Now come to think of it, no mother on earth, no matter how unkind, would gladly have suffered her dear children to die before her – more-so a child who was so special as Wole was to Mama.

You cannot understand Mama’s special love for Wole, until you read Wole’s own first hand expression of the special place he (Wole) occupied in her mother’s emotional closet.

Moreover, Wole was the only male child, whom you could describe as the Arole or Dawodu or Aremo – which translate in literal sense to the scion or heir apparent of the Awolowo family.

This is to say that while other members of the family constituting three male stock had by virtue of marital conjugation veered from the Awolowo nomenclatural identity to answer to other family name, only Wole, as the only male child symbolised the nomenclatural continuity of the Awolowo family tree – thereby putting him as earlier mentioned – in the vantage platform of the Aremo or Arole or Dawodu of the family.

It is against this background, and the fact that Mama saw in Wole being the only surviving son – the image and symbolic representation of her departed beloved husband, that she (Mama), will be ready to give all it takes for her beloved and only surviving male son, to not only live, but outlive her.

It was this traumatizing suspense of Wole’s fate that Mama was contending with, when the sardonic messenger of death announced like a thunder bolt from a most unlikely quarters, to claim a most precious jewel of the Awolowo biological family in the person of Mrs Ayo Soyode.

If before now, Mama had managed with bathed breadth equanimity, over Wole’s fate, one required no prescience or extra sensory clairvoyance to comprehend the paranoia of heightened anxiety assailing Mama’s spirit over Wole – immediately following the death four years ago, of Mrs. Soyode.

And today four years after, the rest is history. Mama’s worst fears are confirmed. I join the millions of Awo’s larger ideological family all over the world, to admonish Mama and members of the Awo biological family, to weep no more.

There is certainly no doubt that Wole has in his own right, registered an indelible footprint in the sand of time.

Wole like his father strikes you as a philosopher, with a profoundly original mind. I read some of his motivational treatise serialized in the Nigerian Tribune and I could not but stagger at the breath taking pragmatism of its content, which I am sure, would have contributed to no mean measure, in shaping many lives.

Only a profoundly fecund mind, would have churned out those great works, which boasts in addition, of remarkable literary felicity.

His religious piety, which was a theme of popular public knowledge – was also such that equally staggered the imagination.

There is no doubt that Wole lived an exemplarily inspiring life.
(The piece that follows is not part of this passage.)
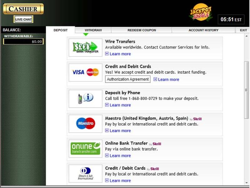 जैकपॉट जंगल कैसीनो Real Time Gaming द्वारा संचालित है, और इसके गेम एक डाउनलोड करने योग्य सॉफ़्टवेयर के साथ-साथ एक इंस्टेंट प्ले प्लेटफ़ॉर्म के माध्यम से उपलब्ध कराए जाते हैं जो आपके वेब ब्राउज़र के माध्यम से खेलने की सुविधा देता है। जो लोग चलते-फिरते खेलना चाहते हैं, उनके लिए एक मोबाइल साइट भी उपलब्ध है।अन्य खेल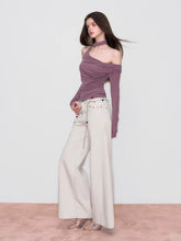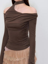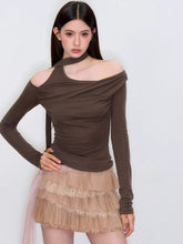 Asymmetric Off-Shoulder Knit T-Shirt

He gave his all materially, financially and spiritually, to humanity on whom he impacted, even through his illuminating discourse on the path to good living – and in particular to his maker, to whom he devoted himself in unalloyed love and service.

It’s a thing of celebration, that Wole did not disappoint the family and the teeming number of Awo’s ideological family scattered all over the world. There is no doubt that his legendary father, the immortal Awo, would be proud of him.

It is against this background, that I join the teeming number of lovers of the Awo family not to mourn, but celebrate the glorious passage of their son.

And for every right-minded Nigerian, whose life the great Awo had touched in one way or the other, I appeal that he/she identify in prayer with this distinguished Nigerian family, particularly at this trying moment of tribulation in the trajectory of their existence, when the incident of Wole’s painful death, still remains fresh in memory, a year after.

Oluwole has fought a good fight. May his great soul rest in perfect peace.